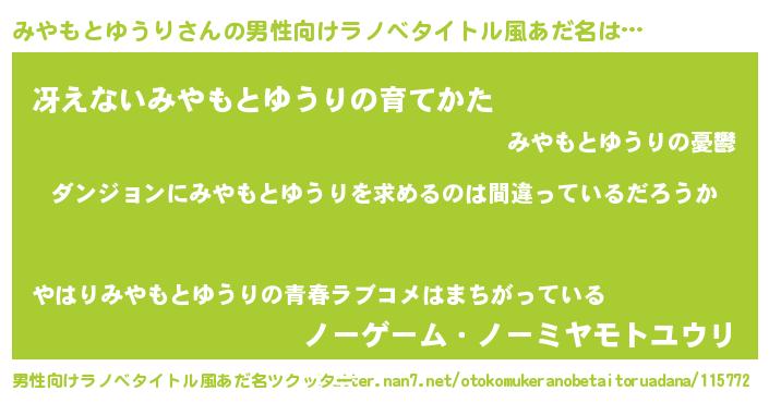 | 女子向けラノベタイトル風あだ名 | 『みやもとゆうりは平凡を望む』 |
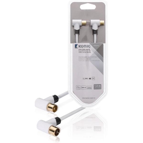 Coax kabel 100 dB coax male haaks - female haaks 1,00 m wit
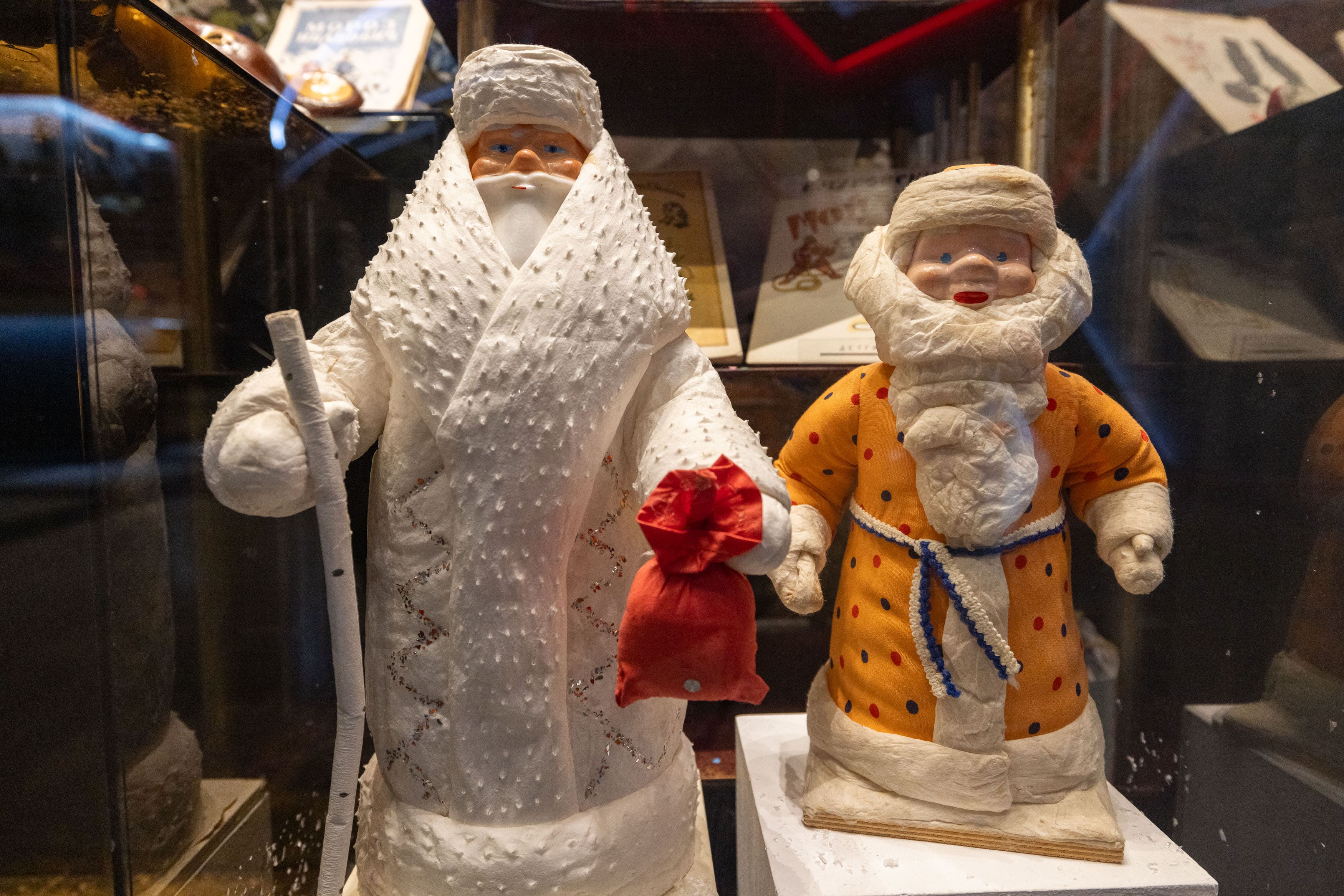 Центральное место заняла витрина, в которой можно увидеть ватные фигуры Дедов Морозов, неизменно любимые у всех детей мягкие игрушки – мишки и другие предметы быта.
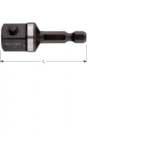 ADAPTER 1/4" 6-KANT NAAR 1/2" 4-KANT L=50MM
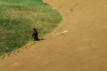 拼版照片:上圖為2002年參與防治沙漠化的工作人員在瑪曲縣黃河沿岸一處沙化草場上壓沙(新華社記者 韓傳號 攝);下圖為2023年7月6日,牧民在瑪曲縣黃河沿岸一處沙化草原治理點進行草籽補種工作(新華社記者 張可任 攝)。
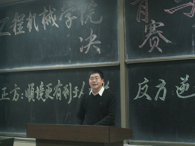 2010年12月14日晚,工程机械学院青马培训班辩论赛决赛在图文1101教室隆重举行,工程机械学院党委副书记、青马培训班副校长曾力老师,工程机械学院团委书记朱武威老师,工程机械学院09级辅导员杨鹏老师、10级辅导员王博老师出席了此次辩论赛并担任评委。
☆ ☆ ☆ ☆ ☆ ☆ ☆
- **Exercise directions**
Copy nothing but the lines from the line that contains "攝);下圖為2023年7月6日,牧民在瑪曲縣黃河沿岸一處沙化草原治理點進行草籽補種工作(新華社記者 張可任 攝)。" through the end of the listing, exactly, and keep pictures out of it.

- **Response**
 拼版照片:上圖為2002年參與防治沙漠化的工作人員在瑪曲縣黃河沿岸一處沙化草場上壓沙(新華社記者 韓傳號 攝);下圖為2023年7月6日,牧民在瑪曲縣黃河沿岸一處沙化草原治理點進行草籽補種工作(新華社記者 張可任 攝)。
 2010年12月14日晚,工程机械学院青马培训班辩论赛决赛在图文1101教室隆重举行,工程机械学院党委副书记、青马培训班副校长曾力老师,工程机械学院团委书记朱武威老师,工程机械学院09级辅导员杨鹏老师、10级辅导员王博老师出席了此次辩论赛并担任评委。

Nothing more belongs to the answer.